Mais deslumbrantes imagens mostram atletas como deuses modernos, colhendo
o fogo em Olympia, na Grécia, e revezando a tocha por vários países até
chegar a Berlim, para as Olimpíadas de 1936. Evento preparado para consagrar a
Alemanha como raça superior e, efetivamente, foi a vencedora, no total de provas.

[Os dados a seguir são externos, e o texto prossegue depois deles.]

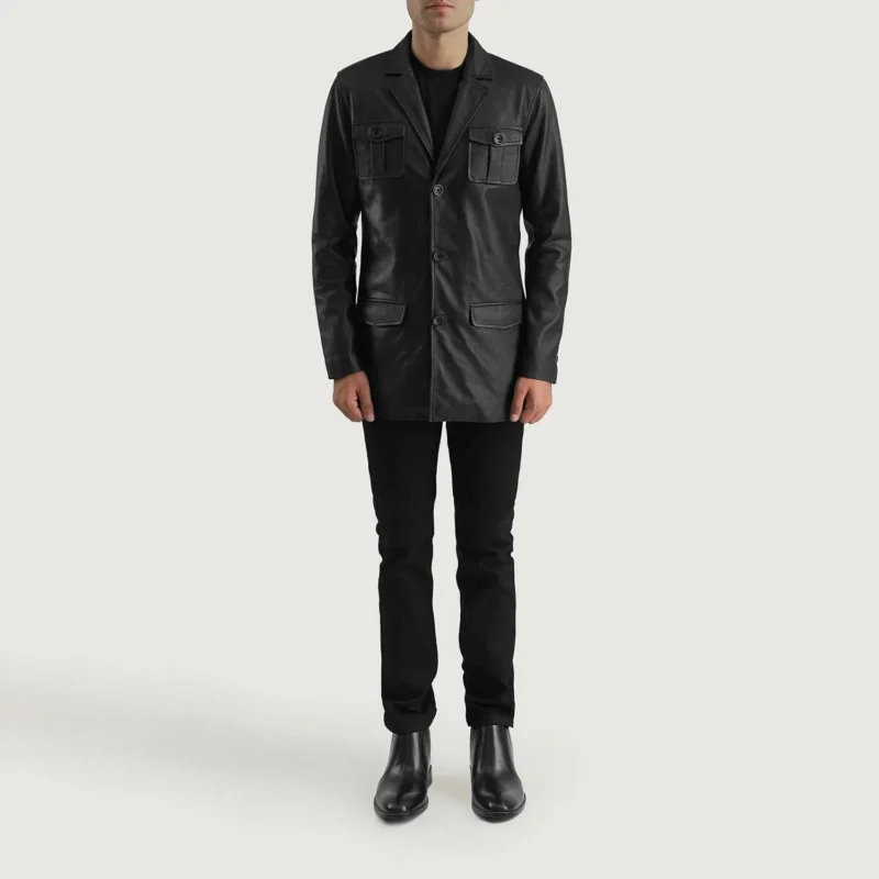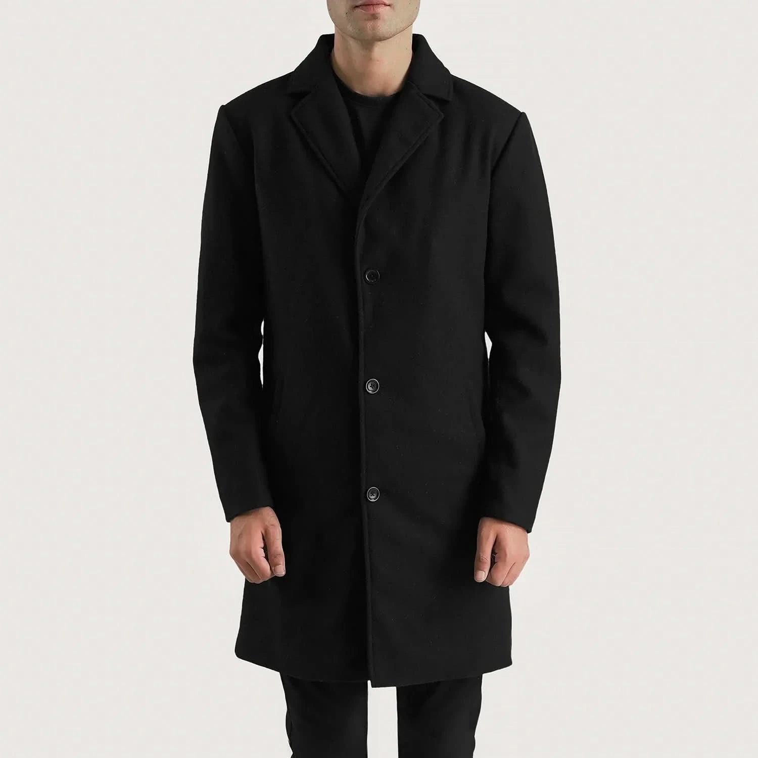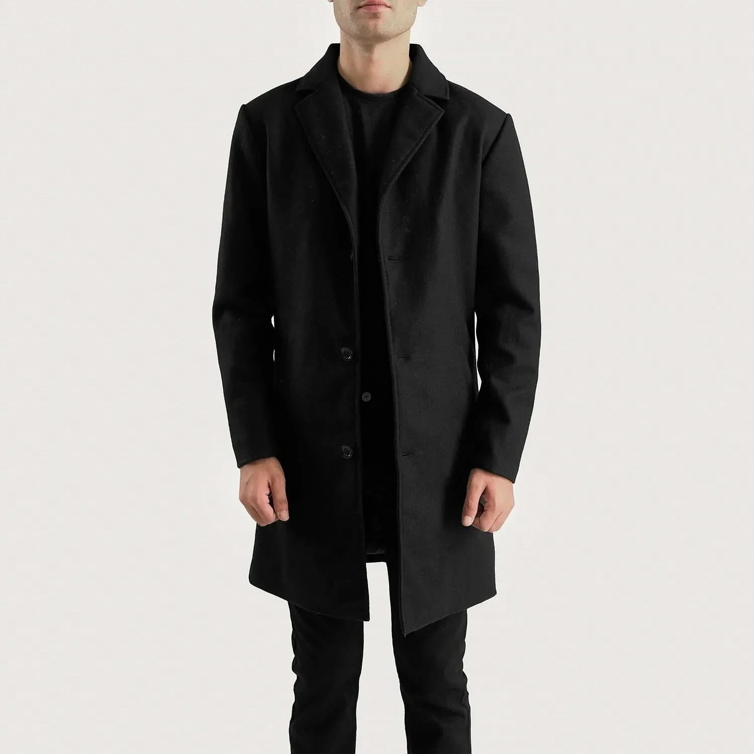 Petrillo Black Wool Single Breasted Coat
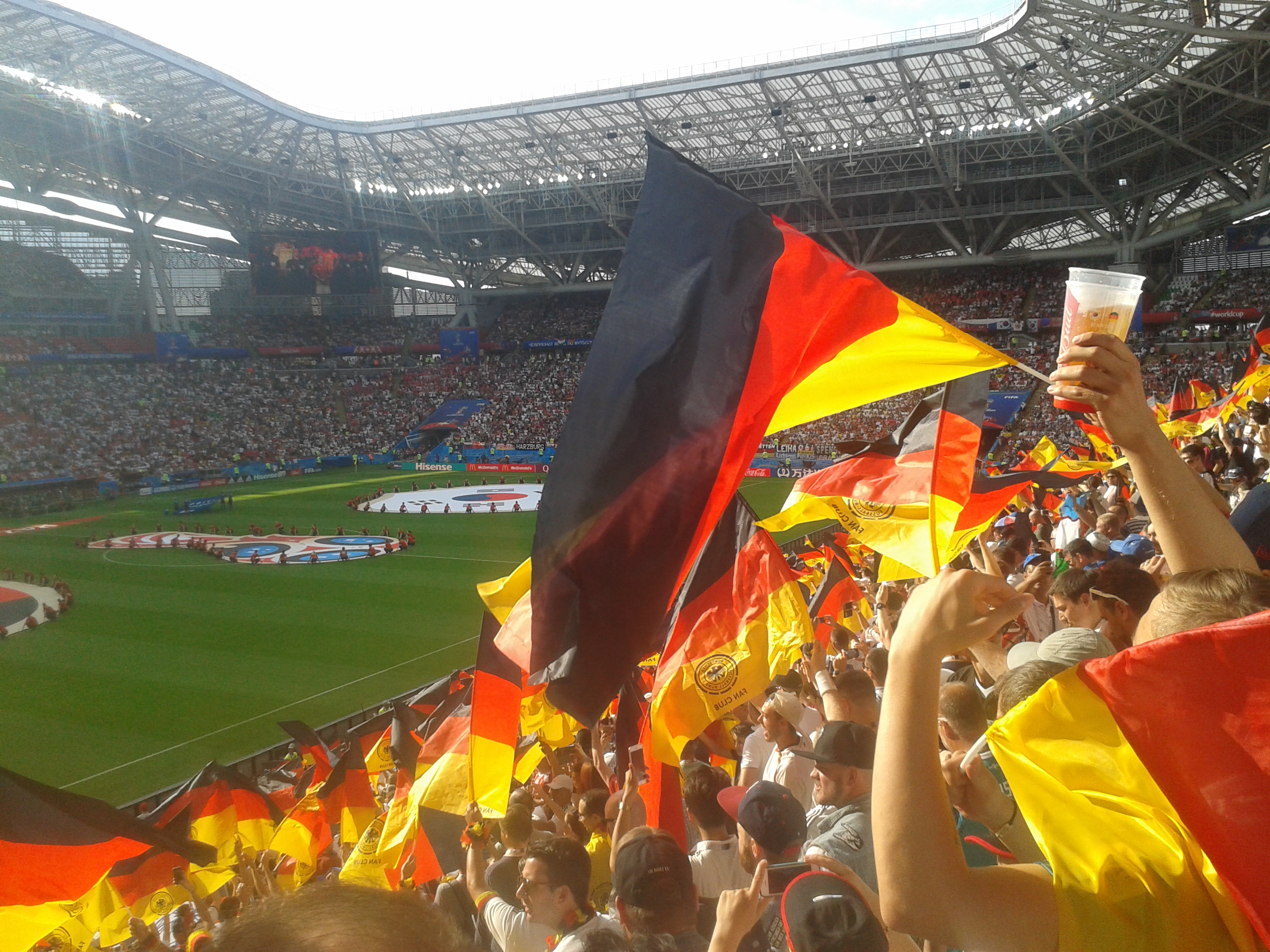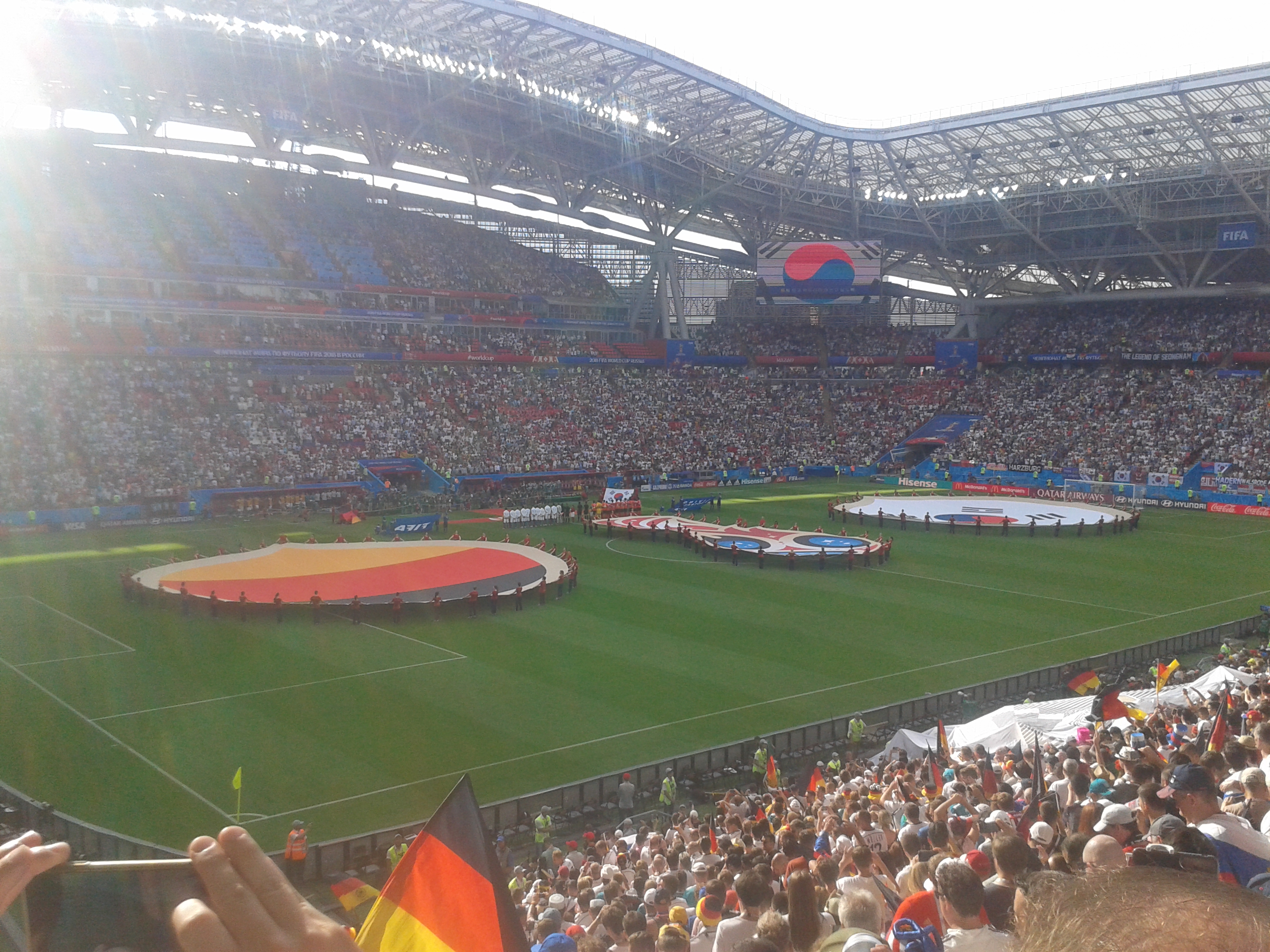 Erneut ging es per Tram den Weg zum Stadion bis zur abgesperrten Zone, danach weiter zu Fuß. Anspannnung machte sich breit, jedich war ich recht zuversichtlich, dass Deutschland es packen würde. Schließlich hatte der Weltmeister das Schicksal in der eigenen Hand. In der ersten Halbzeit schien und die Sonne stark ins Gesicht. Was aber auf dem Rasen abgeliefert wurde, war keines blendend. Getoppt wurde das durch eine Reihe an hochkarätigster Inkompetenz, die je eine WM-Mannschaft gezeigt hat, mit Ausnahme von Frankreich 2010. Das Sahnehäubchen für jeden Fußballfan war dann die Entscheidung per Videobeweis. Das frühe Aus ging mit den gezeigten Leistungen absolut in Ordnung. Die Konsequenzen sind in der Fülle kaum absehbar. Führt man sich den Weg des DFB und das Auftreten gegenüber der großen Basis an Fußballfans in Deutschland vor Augen (“Krieg dem DFB”), werden es in Zukunft womöglich keine ausverkauften Testspiele mehr in Gladbach für die 25 Euro-Karte geben. Definitiv wird sich der kleine Mitarbeiter als Mikrobe im Speck des großen Business den Gürtel enger Schnallen müssen. Man wird sehen. Das nächste Spiel in München am 06.09.2018 könnte zum üblen Pfeiffkonzert werden.

A nota dissonante foi o negro estadunidense Jesse Owens ganhar quatro medalhas
de ouro, o que nenhum da “raça pura” conseguiu. No pós-guerra, Leni foi
presa, julgada e considerada apenas simpatizante do nazismo, mas só às próprias
custas conseguiu realizar outros filmes, sobre esportes. Já idosa, dedicou-se à
fotografia submarina e do cotidiano de negros do Sudão, com a qualidade de
sempre, não fosse uma artista à altura dos grandes mestres do cinema expressionista,
cuja influência pode-se constatar em inúmeros filmes, há cem anos.
Lina Wertmüller (1928-2021), italiana de origem suíça, morreu há pouco,
o que me levou a rever seus três filmes aos quais tive acesso. E que filmes. Mimi,
o metalúrgico, disse um crítico, “um verdadeiro Macunaíma siciliano, visto como
um herói cheio de defeitos, uma crítica da condição humana diante do capitalismo
selvagem”. A seguir, Amor e anarquia, passado num bordel que, disse outro
crítico, “é de alguma forma a própria Itália, com suas tantas almas, suas diferentes
culturas e diversas linguagens”. O terceiro é Pasqualino sete belezas, um sujeito
safado que faz de tudo para sair das encrencas em que ele mesmo se mete,
sempre de forma irônica e, não raro, grotesca, vizinha, estilisticamente, do grande
Pietro Germi, do Marco Bellochio de De punhos cerrados, do Ettore Scola de
Feios, sujos e malvados e do não menos estranho Marco Ferreri.
O cinema italiano na segunda metade do século vinte era uma mina de
talentos, como fora o alemão, na primeira (vários diretores continuaram, em Hollywood).
E ainda descubro nele coisas interessantes, como Estamos todos bem
(1990), de Guseppe Tornatore, mais conhecido pelo filme Cinema Paradiso. A
história de um pai (Mastroianni) que, descartado pelos filhos, resolve visitá-los
nas cidades grandes onde moram e não é propriamente bem recebido. Na mesma
situação vive uma senhora que ele conhece casualmente (Michèle Morgan), belíssima
aos 70 anos, sem o menor sinal de cirurgia plástica, um brinde para os
cinéfilos. Detalhe: na casa de uma das filhas passa na TV uma novela com Maitê
Proença. A moça participa de um desfile de modas, visto também nos bastidores,
em que uma colega amamenta o filho. Nunca pensei em ver isso num filme, em
geral, aquelas mulheres parecem de plástico, mas têm leite nos peitos e transmitem
vida. Assim como no peito combalido dos velhos ainda bate um coração.